Output the listing exactly as written, apart from its pictures.

^^^^^^^^^^^^^^^^

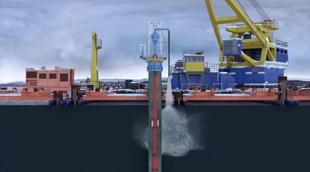 最后一种方法就是“钻孔”,钻孔实际上是打桩的一种衍生方法,海底地质情况复杂,有些地方岩石坚硬,桩打不进去,所以就要先向海底插入一个套筒,然后在套筒之中使用钻头进行钻孔,之后插入钢筋,最后浇筑混凝土,于是一个桥梁的根基就建造完毕了。在四种建造桥墩的方法之中,主要的建造部分都是在海中完成的,而并不会采用在“陆地上建造再运送到海中”这样笨拙的方法,而且如此笨重的桥墩也很难运过去。
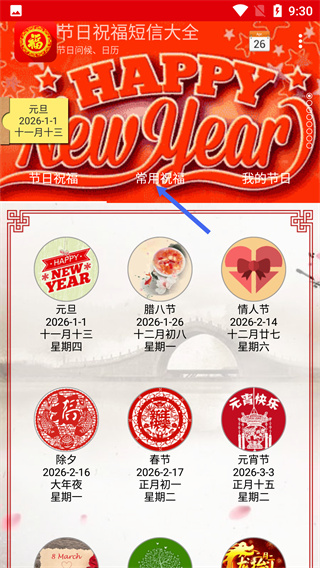 1、在节日祝福短信大全主页面,点击【常用祝福】标签,切换至常用祝福的分类列表页面,查看各类祝福分类。
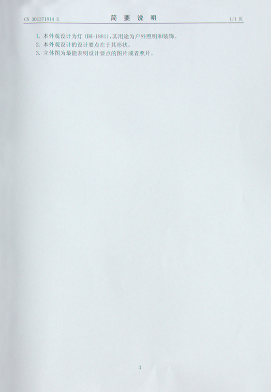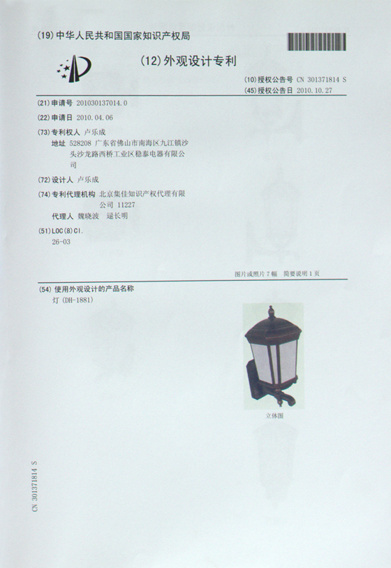 當前位置:首頁 » 資訊中心 » 帝輝燈飾獲得多項國際認證 » 帝輝燈飾外觀設計證書
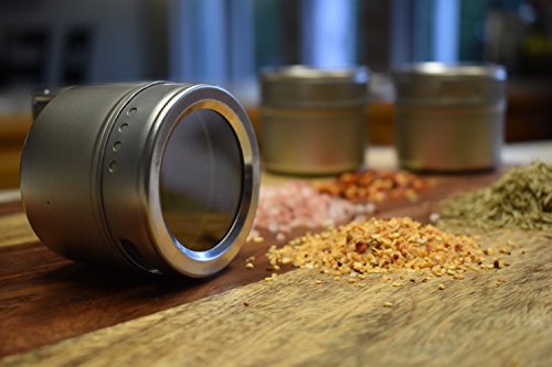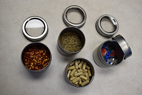 - SIFT and POUR SHAKER LIDS - The magnetic tins feature clear lids for easy identification of contents and feature a sift and pour design. These handy storage jars have a magnetic backing, so they will attach to any flat metal surface, including most appliance and refrigerator doors. The tins are also perfect for store and organize art and craft supplies, rubber bands, screws, paper clips and other small essentials in your kitchen or home office
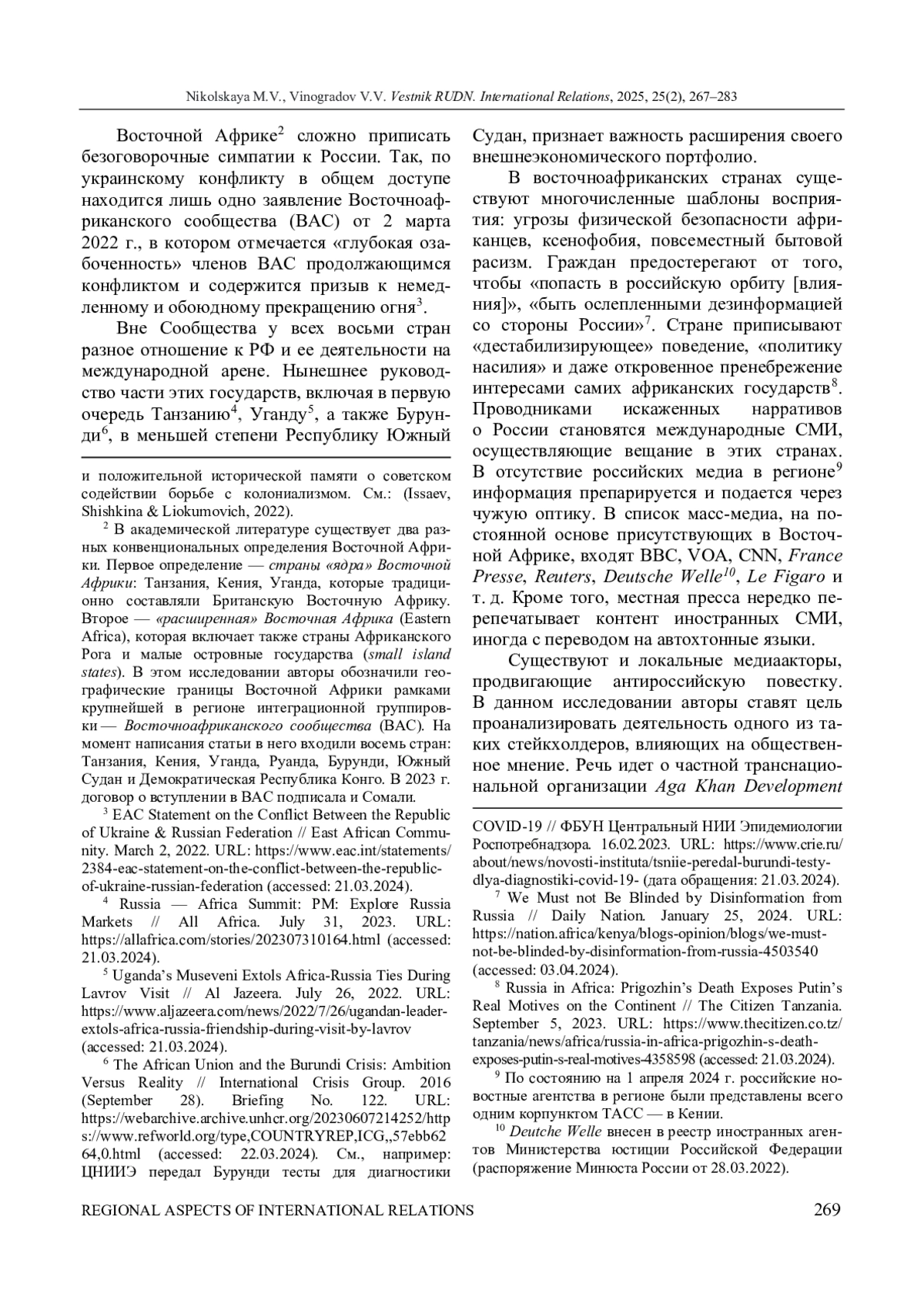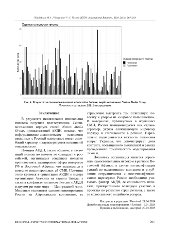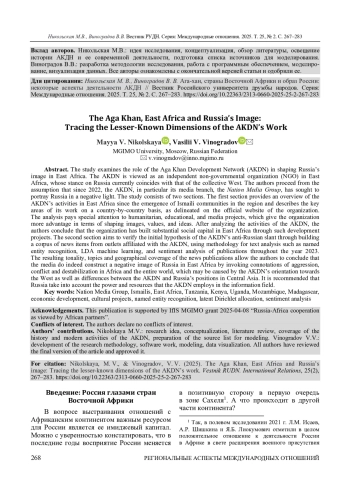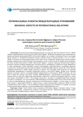 Исследуется роль Организации развития Ага-хана ( Aga Khan Development Network, AKDN, АКДН) в формировании имиджа России в Восточной Африке. АКДН рассматривается как независимая неправительственная организация (НПО) в Восточной Африке, чья позиция в отношении России в настоящее время совпадает с позицией коллективного Запада. Авторы исходят из предположения о том, что с 2022 г. АКДН, в частности ее медиаподразделение Nation Media Group, направляет значительные усилия на формирование отрицательного имиджа России. Исследование состоит из двух частей. В первой части представлены обзор сетевой деятельности АКДН в Восточной Африке с момента появления исмаилитских общин в регионе и описаны основные направления этой деятельности с разбивкой по странам на основе официального сайта организации. Особое внимание уделено гуманитарным, образовательным и медийным проектам, которые дают организации больше рычагов влияния для формирования образов, ценностей и идей. Проанализировав деятельность АКДН, авторы приходят к выводу, что благодаря таким проектам по развитию организация сформировала солидный социальный капитал в Восточной Африке. Вторая часть призвана доказать исходную гипотезу об антироссийской направленности деятельности АКДН в регионе, для чего была создана база данных новостных изданий, аффилированных с организацией, использованы методы анализа текстов, такие как определение именованных сущностей, латентное размещение Дирихле и сентимент-анализ публикаций за 2023 г. Полученная тональность, тематики и географический охват новостей позволяют подтвердить, что исследованные СМИ формируют негативный образ России в Восточной Африке через ассоциативный ряд агрессии, конфликтов и дестабилизации в Африке и во всем мире, что может быть связано с ориентацией АКДН на страны Запада, а также несовпадением интересов АКДН и России в Центральной Азии. В связи с этим российской стороне рекомендуется учитывать то влияние и ресурсы, которые организация задействует в восточноафриканском информационном поле.

^^^^^^^^^^^^^^^^

▶ [Written solution]:
 最后一种方法就是“钻孔”,钻孔实际上是打桩的一种衍生方法,海底地质情况复杂,有些地方岩石坚硬,桩打不进去,所以就要先向海底插入一个套筒,然后在套筒之中使用钻头进行钻孔,之后插入钢筋,最后浇筑混凝土,于是一个桥梁的根基就建造完毕了。在四种建造桥墩的方法之中,主要的建造部分都是在海中完成的,而并不会采用在“陆地上建造再运送到海中”这样笨拙的方法,而且如此笨重的桥墩也很难运过去。
 1、在节日祝福短信大全主页面,点击【常用祝福】标签,切换至常用祝福的分类列表页面,查看各类祝福分类。
 當前位置:首頁 » 資訊中心 » 帝輝燈飾獲得多項國際認證 » 帝輝燈飾外觀設計證書
 - SIFT and POUR SHAKER LIDS - The magnetic tins feature clear lids for easy identification of contents and feature a sift and pour design. These handy storage jars have a magnetic backing, so they will attach to any flat metal surface, including most appliance and refrigerator doors. The tins are also perfect for store and organize art and craft supplies, rubber bands, screws, paper clips and other small essentials in your kitchen or home office
 Исследуется роль Организации развития Ага-хана ( Aga Khan Development Network, AKDN, АКДН) в формировании имиджа России в Восточной Африке. АКДН рассматривается как независимая неправительственная организация (НПО) в Восточной Африке, чья позиция в отношении России в настоящее время совпадает с позицией коллективного Запада. Авторы исходят из предположения о том, что с 2022 г. АКДН, в частности ее медиаподразделение Nation Media Group, направляет значительные усилия на формирование отрицательного имиджа России. Исследование состоит из двух частей. В первой части представлены обзор сетевой деятельности АКДН в Восточной Африке с момента появления исмаилитских общин в регионе и описаны основные направления этой деятельности с разбивкой по странам на основе официального сайта организации. Особое внимание уделено гуманитарным, образовательным и медийным проектам, которые дают организации больше рычагов влияния для формирования образов, ценностей и идей. Проанализировав деятельность АКДН, авторы приходят к выводу, что благодаря таким проектам по развитию организация сформировала солидный социальный капитал в Восточной Африке. Вторая часть призвана доказать исходную гипотезу об антироссийской направленности деятельности АКДН в регионе, для чего была создана база данных новостных изданий, аффилированных с организацией, использованы методы анализа текстов, такие как определение именованных сущностей, латентное размещение Дирихле и сентимент-анализ публикаций за 2023 г. Полученная тональность, тематики и географический охват новостей позволяют подтвердить, что исследованные СМИ формируют негативный образ России в Восточной Африке через ассоциативный ряд агрессии, конфликтов и дестабилизации в Африке и во всем мире, что может быть связано с ориентацией АКДН на страны Запада, а также несовпадением интересов АКДН и России в Центральной Азии. В связи с этим российской стороне рекомендуется учитывать то влияние и ресурсы, которые организация задействует в восточноафриканском информационном поле.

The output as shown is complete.